Leaving the pictures aside, transcribe the data below exactly.

== DATA SEGMENT ==

*-*-*

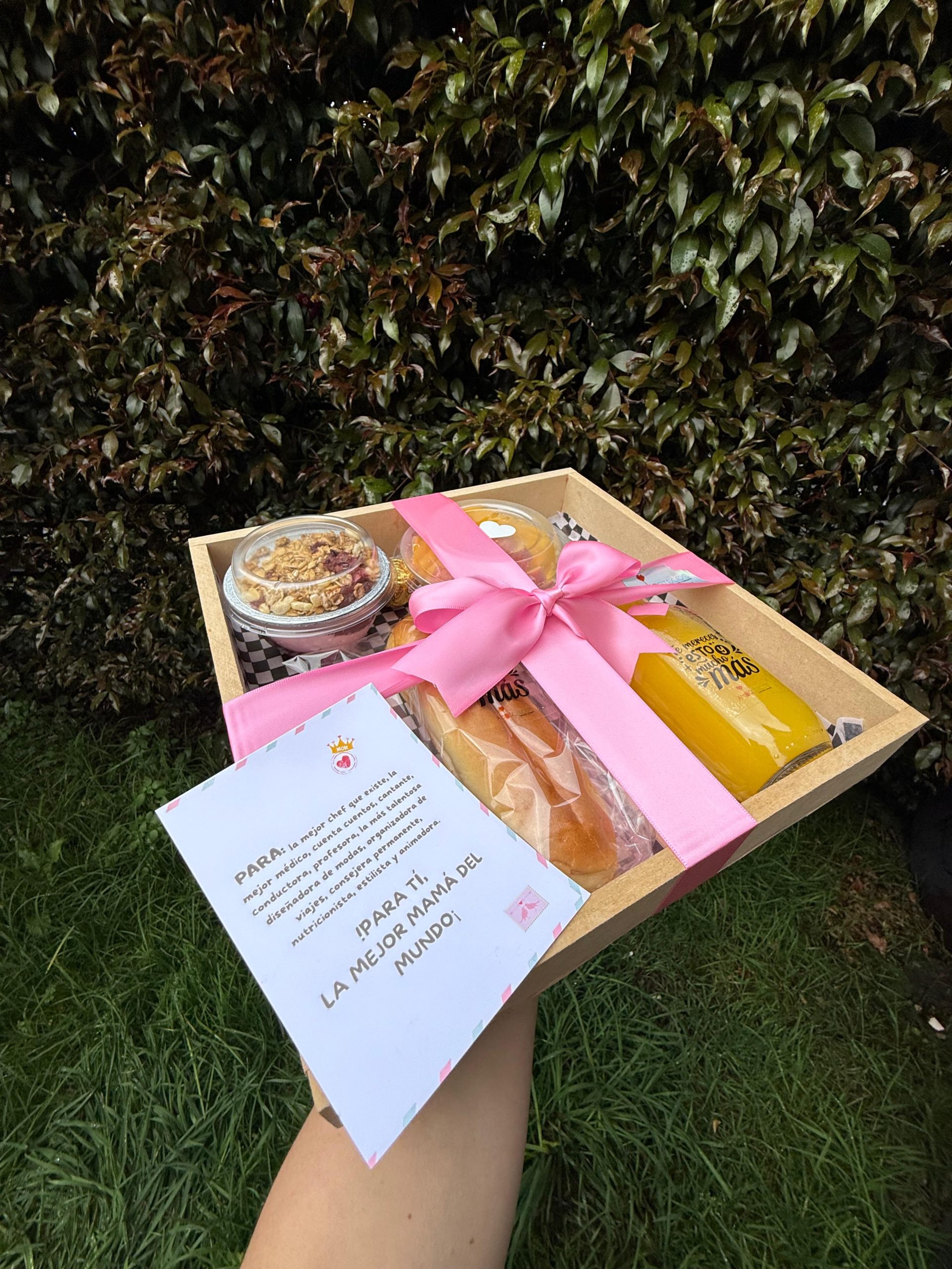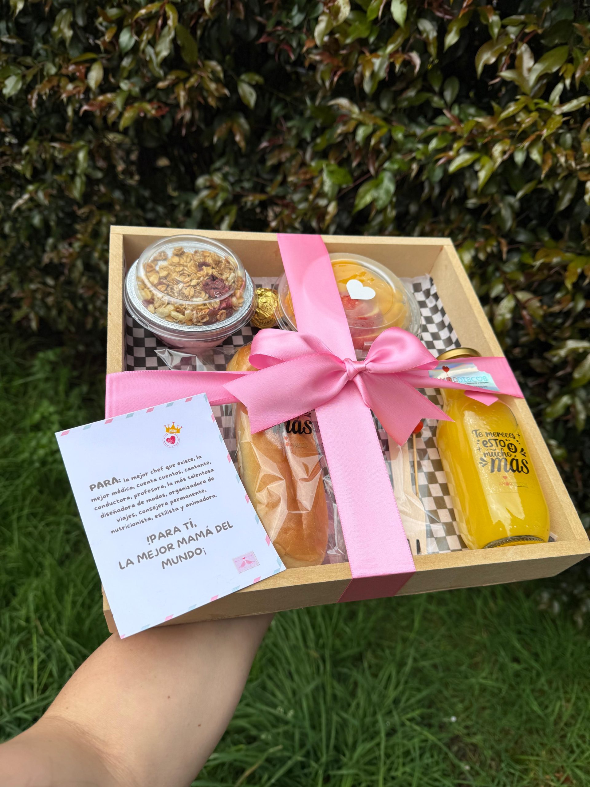 MAMÁ INCOMPARABLE Contiene -Sándwich de jamón y queso -Chocolatina -Jugo de naranja -Frasquito con yogurt y cereal -Fruta picada -Set de cubiertos en madera -Bandeja en madera-tarjeta predeterminada
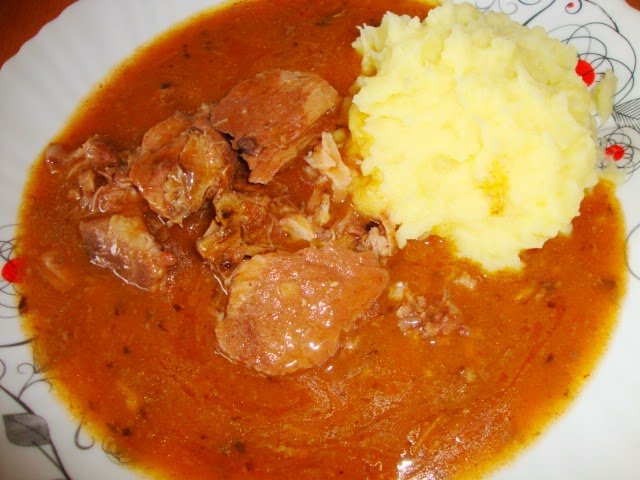 Винен кебап от жилави пържоли.Готвен в бавната тенджера.
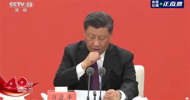 中共總書記習近平在深圳經濟特區成立40週年大會演說時,突然接連咳嗽,

*-*-*

== RESPONSE ==
 MAMÁ INCOMPARABLE Contiene -Sándwich de jamón y queso -Chocolatina -Jugo de naranja -Frasquito con yogurt y cereal -Fruta picada -Set de cubiertos en madera -Bandeja en madera-tarjeta predeterminada
 Винен кебап от жилави пържоли.Готвен в бавната тенджера.
 中共總書記習近平在深圳經濟特區成立40週年大會演說時,突然接連咳嗽,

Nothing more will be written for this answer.